Behavioral Factors when Training Feral, Unhandled and Problem Horses
A little riding au natural on Teego
Horses are social animals. They are naturally drawn to other animals that they don't fear. Horses can become close friends with goats, dogs, cats even a chicken. The horse will generally accept the presence of the human who makes a concerted effort to be
non-threatening. Once accepted, a careful handler will trigger the horse's curiosity, the horse will check out the handler and record the handler as being either "OK" or "NOT OK". Thus it is not so strange that a horse and human can become friends.
This relationship becomes important when the handler and the new horse explore his new world. Most horses are intensely curious and so long as the handler isn't dragging him around, the new horse should enjoy this "learning" process and he should adjust to new things relatively quickly. I don't mean to say he won't spook when something surprises him, but he will be less likely to lose control of his emotions since his confidence in his human companion and himself will be high.
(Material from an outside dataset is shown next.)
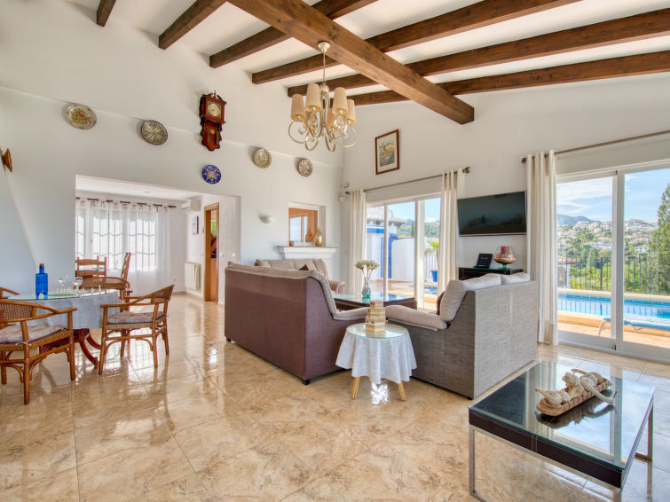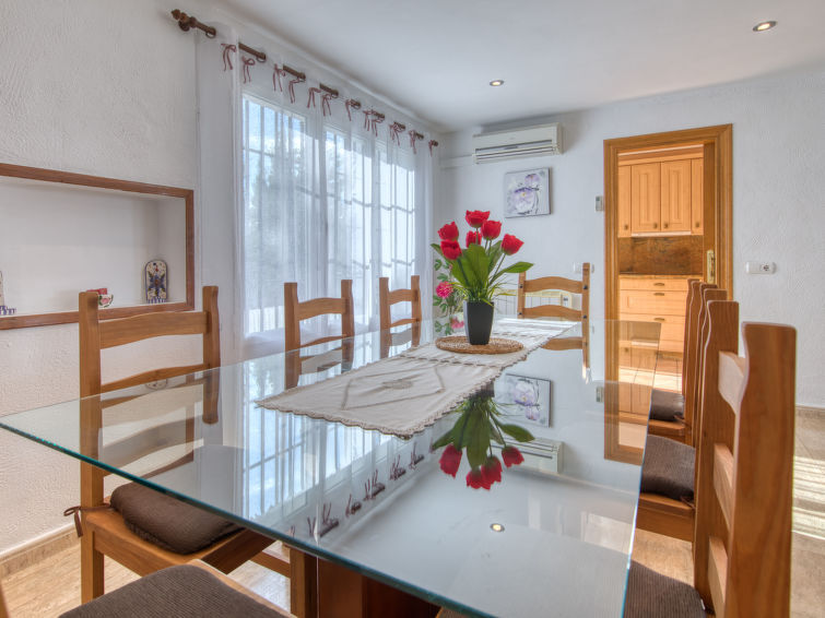 "Isabel", huis 6-kamers. Ruim en licht, zeer comfortabel en mooi ingericht: groot woon-/eetkamer met Sat-TV, Flatscreen TV, air-conditioning en heteluchtverwarming. Uitgang naar het terras, naar het zwembad. 2 kamers, elke kamer heeft 1 2-pers bed, TV, air-conditioning en heteluchtverwarming. 1 kamer met 1 2-pers bed (150 cm, lengte 190 cm), wastafel, douche/WC, air-conditioning en heteluchtverwarming. Uitgang naar de tuin. 1 kamer met 2 bedden (105 cm, lengte 190 cm), 1 opklapbed, wastafel, douche/WC, air-conditioning en heteluchtverwarming. Keuken (oven, afwasmachine, 4 keramische glas kookplaten, magnetron, diepvriezer, elektrische koffiemachine, pads voor de koffiemachine (nespresso (No incl.)). Uitgang naar de tuin, naar het terras. Douche, bidet, aparte WC. Terras gedeeltelijk overdekt. Terrasmeubelen, barbecue, ligstoelen. Mooi panoramazicht op zee, de bergen, het dal en het landschap. Ter beschikking: wasmachine, droger, strijkijzer, kinderstoel, kinderbed tot 3 jaar, haardroger. Internet (WiFi, gratis). Parkeerplaats (3 Auto's). Geschikt voor families. Maximaal 1 huisdier/hond toegestaan. TV alleen ES, FR. 2 slaapkamers zijn enkel via buiteningang bereikbaar. AT-435747-A // Reg. Nr.: ESFCTU00000301500022972300000000000000000AT-435747-A6

Horse herds have specific social orders, otherwise there would be chaos in the natural equine environment. Thus, every horse has a scorecard and ranks every other "horse" in his social circle. This is important since if Leader #1 disappears for some reason, Leader #2 needs to quickly take over without a string of arguments ensuing among all the horses as to who is now in charge. Horses are generally comfortable being around superior beings as it is less work to be a follower than it is a leader. However in the absence of recognizable leadership, the horse's instincts will drive him to take control. It should be noted that selecting social buddies, the creation of "sympathetic pairs" and the ranking of horses as leaders are altogether independent issues.
The trainer, who may be different than the owner or adopter or handler, must establish himself as a higher ranking individual in the herd order than the horse which he is training. While he may otherwise be able to "make" the horse do something, it will be accomplished with some degree of reluctance or perhaps out of fear. In order to get the horse to respond, the handler has to first earn the horse's respect. (How to accomplish this is discussed later.)
As the horse views the various humans in his world, he may score some of them highly on the leadership scale, but not appreciate them as much as his reciprocal buddy, or with the scorecards reversed, the horse could view the human as a walking carrot dispenser who brings pleasure but deserves no respect. Obviously the human who scores low on both counts is in for a hard time and the human who can top the charts as both a leader and buddy should find the going comparatively easy.